API & programmatic access

There is no single "unified API" — the platforms are heterogeneous. Instead we document each one's existing interface honestly, and provide a client-side cookbook (oryza19k) that orchestrates across them.

PlatformProgrammatic methodAuthStatus
GrameneOryzaEnsembl REST (rest.ensembl.org) · BioMartnoneStable
Gramene FTPRemote tabix of bgzipped VCFsnoneStandard
SNP-Seek v3REST (genotype / variety / SNP)noneConfirm paths (IRRI)
Oryza CLIMtoolsDownloadable tables (no REST API)noneTables
Code & ModelsGit · Docker · oryza19k.predict_trait()noneOpen
Precomputed summariesZenodo (DOI) · oryza19k.summary_table()noneAt publication

The oryza19k cookbook

oryza19k is a single-file Python helper (notebooks/oryza19k.py) — an access cookbook, not a server or a new API. Each function wraps an interface that already exists, so a workflow is a few clean calls. Use it as import oryza19k as o19, then o19.<function>(...).

FunctionWrapsNetwork?
lookup_gene · region_features · vep_effectsEnsembl RESTyes
region_genotypes(source="tabix")stream a bgzipped VCFyes (public VCF host)
climate_for_gene · accession_climateCLIMtools tablesno
predict_traitthe repo's pre-trained modelno (local model files)
summary_tableprecomputed tablesno (local) / yes (Zenodo)

What it needs

To use…LibrariesData
Import + Ensembl + local tablespandas, numpy, pyarrow (requests optional)none / the precomputed .tsv files
predict_traitjoblib, scikit-learn, xgboost, lightgbma clone of the GitHub repo (model + imputer + features)
region_genotypes("tabix")pysam or the tabix CLIa public bgzipped + indexed VCF URL

Environments: a minimal pip install pandas numpy pyarrow covers Ensembl, tabix, and the precomputed tables; Colab or the project Docker image (which bundles the ML stack) is recommended for predict_trait. Full list in notebooks/requirements.txt.

import oryza19k as o19
o19.lookup_gene("Os03g0752800")                       # Ensembl REST — no extra deps
o19.summary_table("allele_freq_by_group")             # precomputed table — pandas only
o19.predict_trait(genotypes, "hdg_80head",            # the repo's pre-trained model
                  models_dir="…/AI-drive Predictive Phenotype Modeling")

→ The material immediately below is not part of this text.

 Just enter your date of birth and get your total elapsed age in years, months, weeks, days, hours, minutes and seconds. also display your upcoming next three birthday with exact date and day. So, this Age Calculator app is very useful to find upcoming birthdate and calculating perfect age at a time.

predict_trait is your GitHub demo, wrapped: it loads the team's own .pkl model + imputer and calls model.predict() on the SHAP-selected top-1,000 SNPs — it does not retrain or substitute a model. See Code & Models.

Ensembl REST (GrameneOryza) — stable

Documented, login-free access for Oryza sativa gene, region, variant-effect, and sequence queries. Verified live.

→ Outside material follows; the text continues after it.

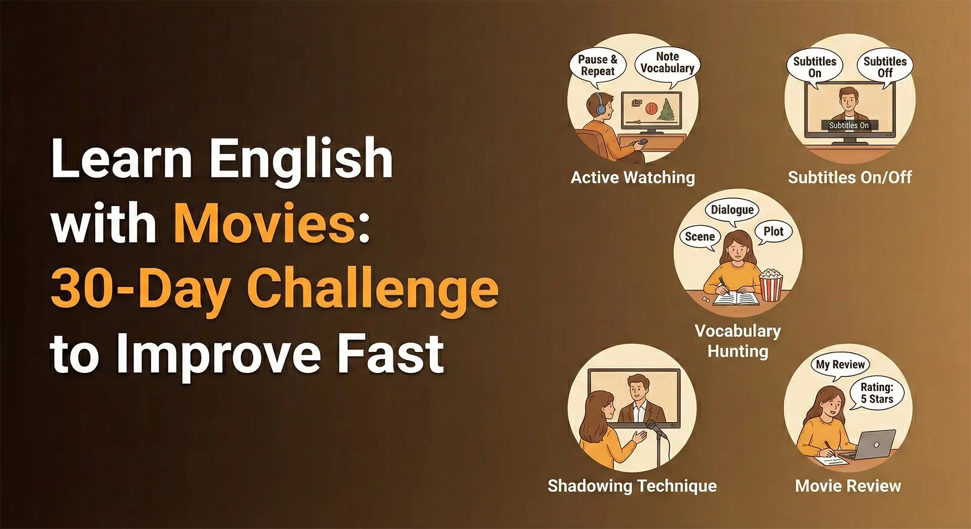 In this blog, I’m sharing a 30-day movie challenge that helps you build vocabulary, improve listening, and even practice speaking out loud. By the end of this plan, you’ll feel more confident using everyday English phrases in real life.

curl -s "https://rest.ensembl.org/lookup/id/Os03g0752800?content-type=application/json"
curl -s "https://rest.ensembl.org/overlap/region/oryza_sativa/3:31031753-31041563?feature=gene;feature=variation;content-type=application/json"
curl -s "https://rest.ensembl.org/vep/oryza_sativa/region/3:31037240-31037240/A?content-type=application/json"
curl -s "https://rest.ensembl.org/sequence/id/Os03t0752800?type=genomic;content-type=application/json"

SNP-Seek REST

Genotype-by-region, variety, and SNP queries follow the SNP-Seek II design (Mansueto et al. 2017).

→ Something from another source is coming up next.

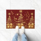 高級メタリックグリッターの木の金ゴールドと赤いクリスマスのdoormat。

Exact endpoint paths/params are being confirmed with the IRRI team. Until then, prefer remote tabix (below) or the precomputed allele-frequency table for an equivalent, credential-free query.

Remote tabix — query 19,035 genomes without downloading them

The single most efficient access technique: the per-reference VCFs are bgzip-compressed and tabix-indexed, so any locus can be streamed over HTTPS.

tabix -h https://<public-host>/19K-RGP/IRGSP-1.0/19K-RGP.IRGSP-1.0.snps.vcf.gz 3:31031753-31041563
bcftools view -r 3:31031753-31041563 https://<host>/.../19K-RGP.IRGSP-1.0.snps.vcf.gz \
  | bcftools query -f '%CHROM\t%POS\t%REF\t%ALT[\t%GT]\n'

Requires the VCFs to be served with HTTP range support; the one-time bgzip/tabix preparation is coordinated with the Gramene team.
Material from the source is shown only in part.